Une liste de 12 caches d’armes situées dans le département des Pyrénées-Atlantiques, dans le Sud-Ouest de la France, a été fournie samedi 8 avril par l’organisation séparatiste basque espagnole ETA aux autorités françaises. La remise a été effectuée par l’intermédiaire d' »artisans de la paix » de la Commission internationale de vérification (CIV), une structure indépendante, a indiqué son porte-parole, le Srilankais Ram Manikkalingam, professeur en sciences politiques à l’Université d’Amsterdam, aux Pays-Bas. « Cette étape de neutralisation d’un arsenal d’armes et d’explosifs est un grand pas », un « jour incontestablement important », a réagi samedi le ministre de l’Intérieur Matthias Fekl.

Ces caches d’armes et d’explosifs constitueraient ce qu’il reste de l’arsenal d’ETA. D’après des experts de la lutte antiterroriste, l’arsenal d’ETA comprendrait environ 130 armes de poing et deux tonnes d’explosifs, pour l’essentiel volées en France.

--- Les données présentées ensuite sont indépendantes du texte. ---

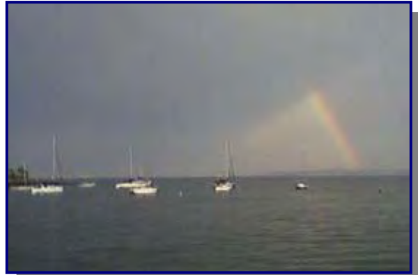
The rainbow after our cancelled sail

Selon ces experts, ETA est « à l’agonie et le mouvement clandestin compterait tout au plus encore une trentaine de membres ». L’organisation séparatiste classée comme « organisation terroriste » par l’Union européenne (UE) avait annoncé dans la nuit de jeudi à vendredi, dans un communiqué à la BBC, son « désarmement total » pour le samedi 8 avril.

Dans un communiqué commun, les gouvernements autonomes du Pays Basque espagnol (Euskadi) et de la Navarre, ainsi que la Communauté d’Agglomération Pays Basque français, présidée par un élu de centre-droit, Jean-René Etchegaray (UDI), ont expressément soutenu vendredi la démarche de la Commission internationale de vérification.

ETA (Euskadi Ta Askatasuna, Pays Basque et Liberté), née en 1959 dans la lutte contre le franquisme, a renoncé en octobre 2011 à la lutte armée, après 43 ans de violences au nom de l’indépendance du Pays Basque et de la Navarre et 829 morts attribués à son mouvement clandestin. Jusqu’à présent, ETA refusait son désarmement et sa dissolution exigés par Madrid et Paris, réclamant une négociation sur ses membres détenus. Ces derniers sont au nombre de 360, une centaine purgeant des peines de plus de dix ans de prison.